## TASK GOAL
Only the lines from the first line of the entries through the line with "Фрески Мистры отличаются" belong in the answer, each restated word for word and without pictures.

## MATERIAL SHOWN
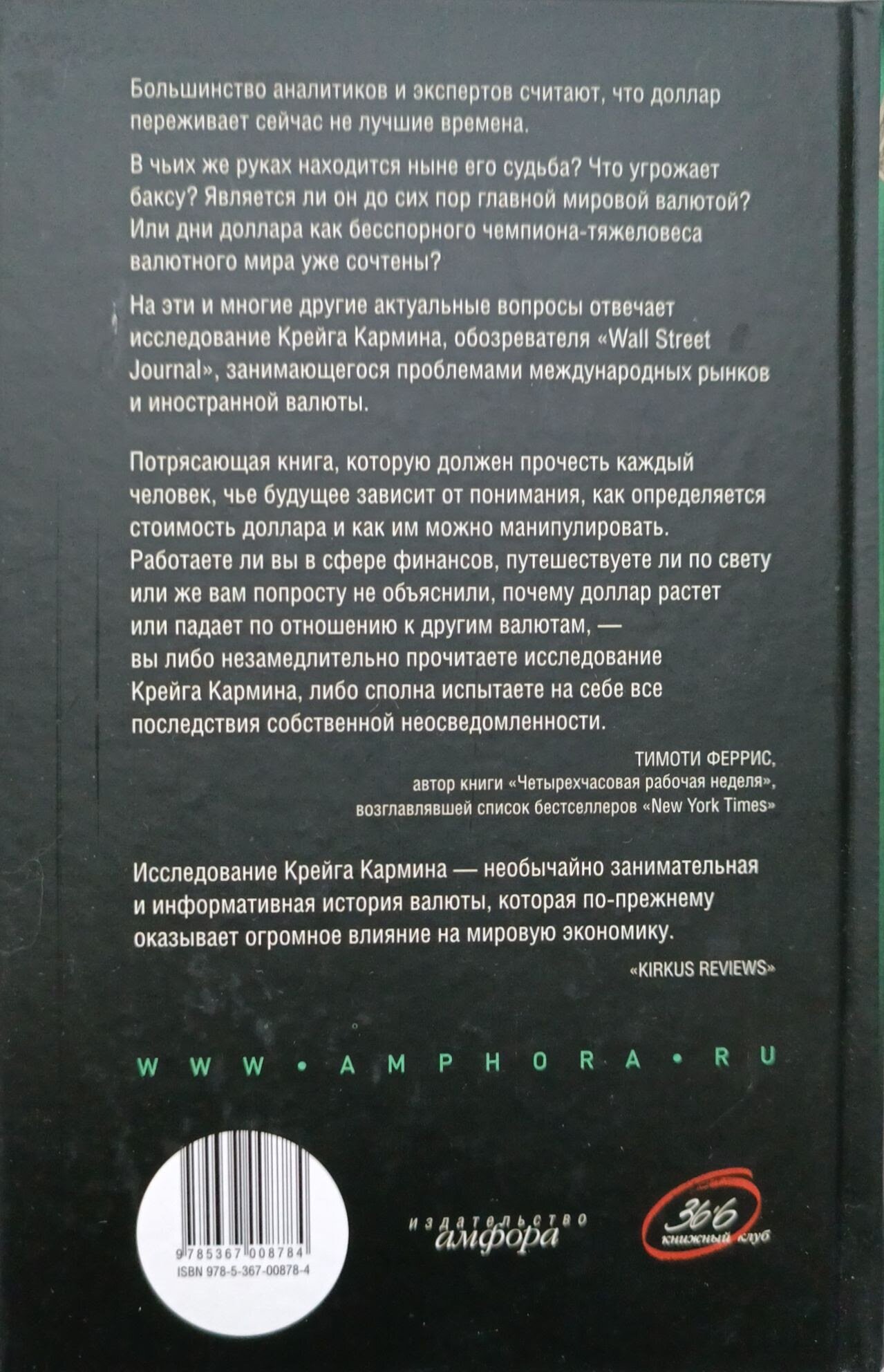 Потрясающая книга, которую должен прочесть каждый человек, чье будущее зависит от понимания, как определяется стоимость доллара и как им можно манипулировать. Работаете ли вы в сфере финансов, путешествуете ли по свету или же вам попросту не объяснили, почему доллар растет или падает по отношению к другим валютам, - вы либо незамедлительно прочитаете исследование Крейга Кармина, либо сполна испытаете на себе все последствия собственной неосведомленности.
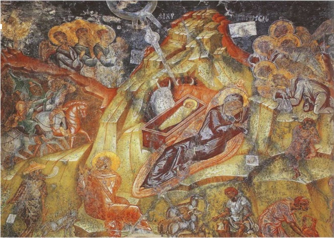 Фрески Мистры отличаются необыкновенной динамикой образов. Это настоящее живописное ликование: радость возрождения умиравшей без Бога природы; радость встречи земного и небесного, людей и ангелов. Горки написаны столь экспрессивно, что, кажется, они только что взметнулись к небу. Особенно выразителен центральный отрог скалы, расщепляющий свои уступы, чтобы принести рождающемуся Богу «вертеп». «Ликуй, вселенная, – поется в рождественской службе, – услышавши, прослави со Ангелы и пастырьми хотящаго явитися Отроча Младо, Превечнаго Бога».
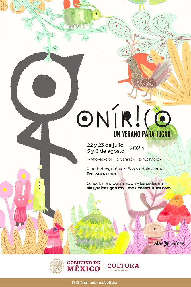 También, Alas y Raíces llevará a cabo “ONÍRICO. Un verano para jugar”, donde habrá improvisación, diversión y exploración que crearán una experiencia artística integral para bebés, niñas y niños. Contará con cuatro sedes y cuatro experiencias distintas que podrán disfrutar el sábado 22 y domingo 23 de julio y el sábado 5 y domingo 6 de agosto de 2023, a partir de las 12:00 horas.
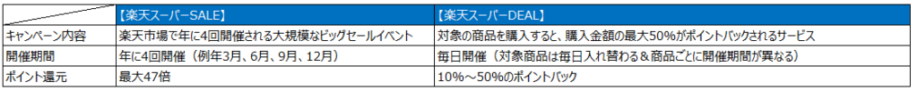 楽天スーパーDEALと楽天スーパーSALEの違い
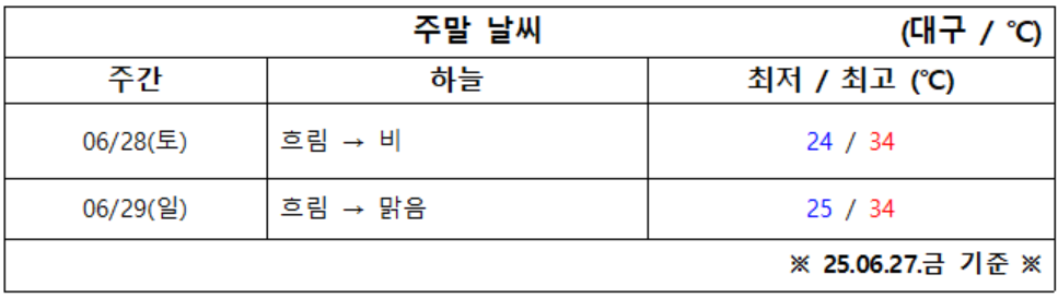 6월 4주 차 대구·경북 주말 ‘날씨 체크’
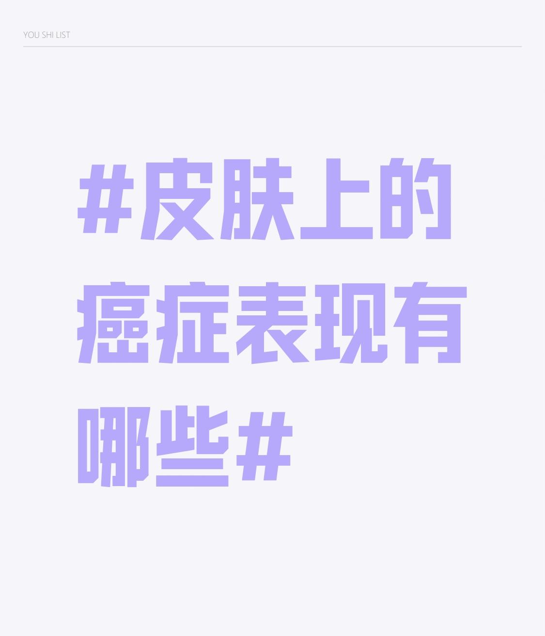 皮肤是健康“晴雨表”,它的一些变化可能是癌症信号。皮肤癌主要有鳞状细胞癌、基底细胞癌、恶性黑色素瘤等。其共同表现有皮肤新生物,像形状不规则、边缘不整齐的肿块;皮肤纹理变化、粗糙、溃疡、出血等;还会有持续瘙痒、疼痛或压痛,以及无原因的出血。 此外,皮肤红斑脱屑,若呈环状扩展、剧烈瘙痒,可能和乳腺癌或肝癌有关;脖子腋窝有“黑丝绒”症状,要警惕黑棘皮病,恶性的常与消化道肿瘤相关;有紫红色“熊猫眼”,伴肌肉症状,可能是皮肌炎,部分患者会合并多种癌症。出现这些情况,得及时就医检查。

## SOLUTION TO THIS PROBLEM
 Потрясающая книга, которую должен прочесть каждый человек, чье будущее зависит от понимания, как определяется стоимость доллара и как им можно манипулировать. Работаете ли вы в сфере финансов, путешествуете ли по свету или же вам попросту не объяснили, почему доллар растет или падает по отношению к другим валютам, - вы либо незамедлительно прочитаете исследование Крейга Кармина, либо сполна испытаете на себе все последствия собственной неосведомленности.
 Фрески Мистры отличаются необыкновенной динамикой образов. Это настоящее живописное ликование: радость возрождения умиравшей без Бога природы; радость встречи земного и небесного, людей и ангелов. Горки написаны столь экспрессивно, что, кажется, они только что взметнулись к небу. Особенно выразителен центральный отрог скалы, расщепляющий свои уступы, чтобы принести рождающемуся Богу «вертеп». «Ликуй, вселенная, – поется в рождественской службе, – услышавши, прослави со Ангелы и пастырьми хотящаго явитися Отроча Младо, Превечнаго Бога».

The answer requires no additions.